• **Required work**:
For this exercise, write out only the lines of the entries below from the one with "Локацію прикрасили хвойними" up to and including the one with "Depuis 2018, j'ai", exactly as they are. Pictures stay out.

• **Dataset excerpts**:
:::::

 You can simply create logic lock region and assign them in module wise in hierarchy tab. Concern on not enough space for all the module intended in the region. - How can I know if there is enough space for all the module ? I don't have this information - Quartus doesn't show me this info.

:::::

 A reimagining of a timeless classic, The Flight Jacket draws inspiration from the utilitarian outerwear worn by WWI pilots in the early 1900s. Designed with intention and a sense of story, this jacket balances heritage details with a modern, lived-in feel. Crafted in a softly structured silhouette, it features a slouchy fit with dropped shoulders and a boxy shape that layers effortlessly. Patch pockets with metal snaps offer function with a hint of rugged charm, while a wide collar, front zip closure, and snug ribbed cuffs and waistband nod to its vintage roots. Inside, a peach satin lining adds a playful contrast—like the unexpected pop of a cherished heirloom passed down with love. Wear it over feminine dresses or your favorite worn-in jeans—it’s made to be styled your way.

:::::

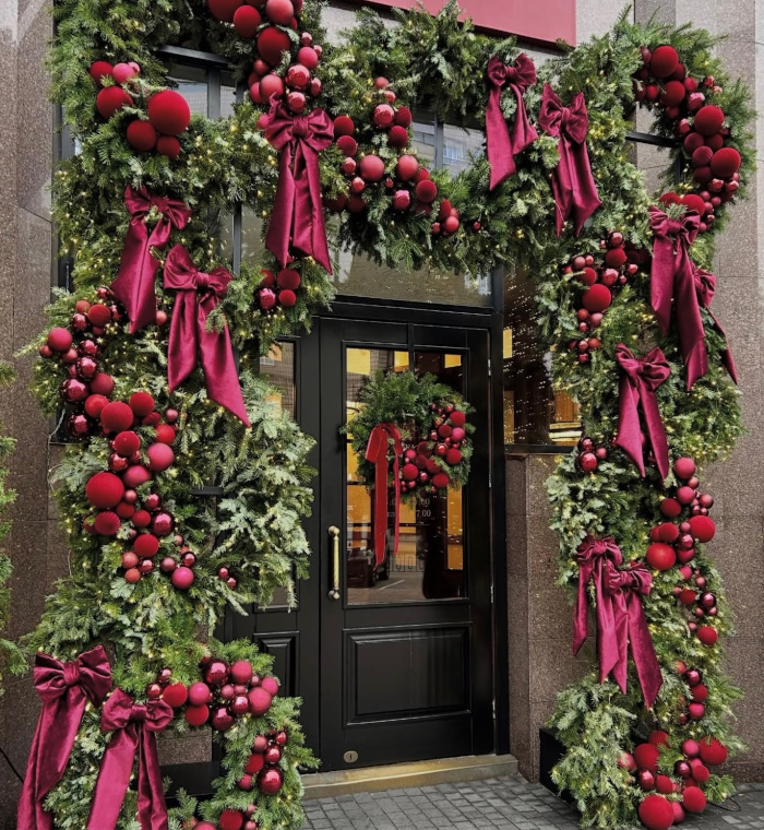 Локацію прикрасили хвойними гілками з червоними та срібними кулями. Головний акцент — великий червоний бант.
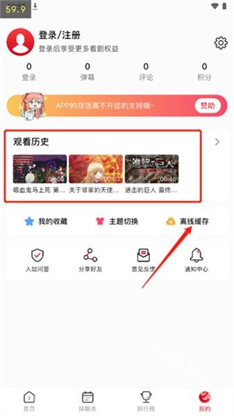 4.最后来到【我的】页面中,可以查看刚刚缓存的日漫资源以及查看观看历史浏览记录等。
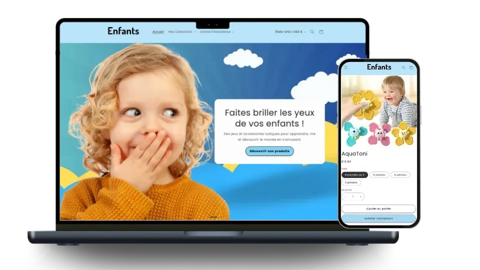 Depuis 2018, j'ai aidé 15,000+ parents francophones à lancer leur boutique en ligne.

:::::

• **Written solution**:
 Локацію прикрасили хвойними гілками з червоними та срібними кулями. Головний акцент — великий червоний бант.
 4.最后来到【我的】页面中,可以查看刚刚缓存的日漫资源以及查看观看历史浏览记录等。
 Depuis 2018, j'ai aidé 15,000+ parents francophones à lancer leur boutique en ligne.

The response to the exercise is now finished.